YOUR INSTRUCTIONS: Transcribe the whole listing below. Pictures do not go in the copy.

THE DATA:
━━━━━━━━━━
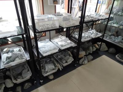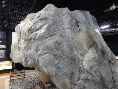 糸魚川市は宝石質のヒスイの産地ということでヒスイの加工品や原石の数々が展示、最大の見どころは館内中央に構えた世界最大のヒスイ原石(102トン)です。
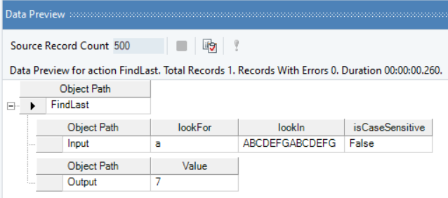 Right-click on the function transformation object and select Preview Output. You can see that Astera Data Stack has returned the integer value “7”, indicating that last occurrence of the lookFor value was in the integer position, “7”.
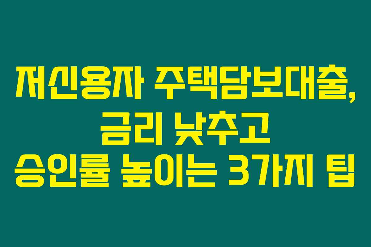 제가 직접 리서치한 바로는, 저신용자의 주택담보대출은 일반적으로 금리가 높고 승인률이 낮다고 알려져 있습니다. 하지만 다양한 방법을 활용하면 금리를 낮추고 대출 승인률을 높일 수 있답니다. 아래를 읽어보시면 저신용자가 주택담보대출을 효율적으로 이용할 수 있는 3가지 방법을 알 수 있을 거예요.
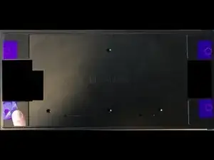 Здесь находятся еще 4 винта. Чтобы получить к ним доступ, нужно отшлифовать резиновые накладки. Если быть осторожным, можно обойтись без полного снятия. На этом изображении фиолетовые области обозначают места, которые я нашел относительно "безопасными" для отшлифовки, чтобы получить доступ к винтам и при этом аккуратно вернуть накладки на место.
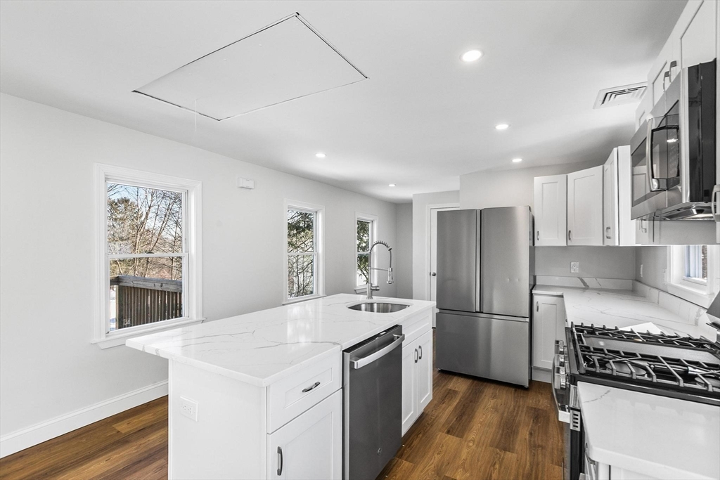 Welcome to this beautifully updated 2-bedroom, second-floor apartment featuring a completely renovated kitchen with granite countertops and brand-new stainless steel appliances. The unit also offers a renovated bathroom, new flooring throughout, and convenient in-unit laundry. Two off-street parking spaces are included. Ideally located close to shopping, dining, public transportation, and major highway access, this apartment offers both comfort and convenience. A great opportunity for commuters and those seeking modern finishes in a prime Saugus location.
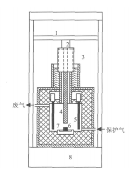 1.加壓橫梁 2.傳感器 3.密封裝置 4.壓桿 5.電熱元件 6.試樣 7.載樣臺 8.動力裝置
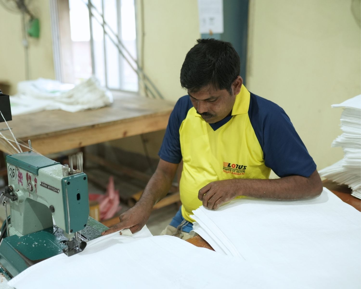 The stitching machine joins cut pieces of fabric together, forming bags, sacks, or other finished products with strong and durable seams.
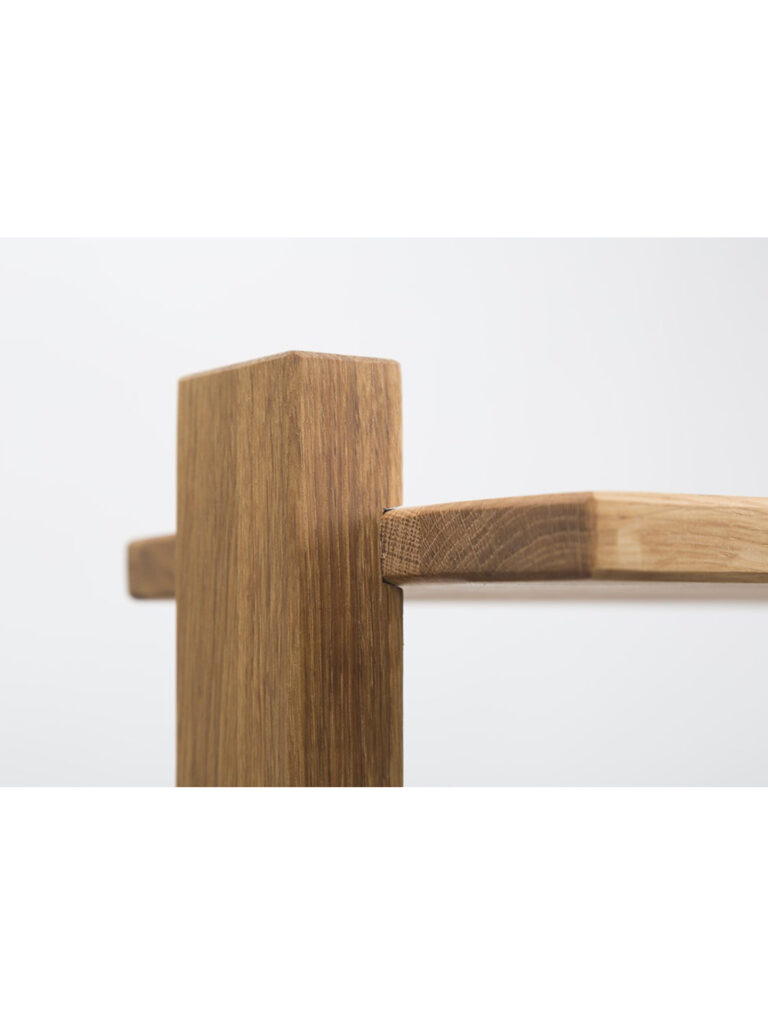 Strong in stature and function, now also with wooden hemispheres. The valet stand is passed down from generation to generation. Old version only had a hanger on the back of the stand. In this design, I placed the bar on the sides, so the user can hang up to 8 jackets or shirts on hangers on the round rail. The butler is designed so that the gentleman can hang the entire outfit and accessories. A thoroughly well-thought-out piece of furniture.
━━━━━━━━━━
FINISHED TASK:
 糸魚川市は宝石質のヒスイの産地ということでヒスイの加工品や原石の数々が展示、最大の見どころは館内中央に構えた世界最大のヒスイ原石(102トン)です。
 Right-click on the function transformation object and select Preview Output. You can see that Astera Data Stack has returned the integer value “7”, indicating that last occurrence of the lookFor value was in the integer position, “7”.
 제가 직접 리서치한 바로는, 저신용자의 주택담보대출은 일반적으로 금리가 높고 승인률이 낮다고 알려져 있습니다. 하지만 다양한 방법을 활용하면 금리를 낮추고 대출 승인률을 높일 수 있답니다. 아래를 읽어보시면 저신용자가 주택담보대출을 효율적으로 이용할 수 있는 3가지 방법을 알 수 있을 거예요.
 Здесь находятся еще 4 винта. Чтобы получить к ним доступ, нужно отшлифовать резиновые накладки. Если быть осторожным, можно обойтись без полного снятия. На этом изображении фиолетовые области обозначают места, которые я нашел относительно "безопасными" для отшлифовки, чтобы получить доступ к винтам и при этом аккуратно вернуть накладки на место.
 Welcome to this beautifully updated 2-bedroom, second-floor apartment featuring a completely renovated kitchen with granite countertops and brand-new stainless steel appliances. The unit also offers a renovated bathroom, new flooring throughout, and convenient in-unit laundry. Two off-street parking spaces are included. Ideally located close to shopping, dining, public transportation, and major highway access, this apartment offers both comfort and convenience. A great opportunity for commuters and those seeking modern finishes in a prime Saugus location.
 1.加壓橫梁 2.傳感器 3.密封裝置 4.壓桿 5.電熱元件 6.試樣 7.載樣臺 8.動力裝置
 The stitching machine joins cut pieces of fabric together, forming bags, sacks, or other finished products with strong and durable seams.
 Strong in stature and function, now also with wooden hemispheres. The valet stand is passed down from generation to generation. Old version only had a hanger on the back of the stand. In this design, I placed the bar on the sides, so the user can hang up to 8 jackets or shirts on hangers on the round rail. The butler is designed so that the gentleman can hang the entire outfit and accessories. A thoroughly well-thought-out piece of furniture.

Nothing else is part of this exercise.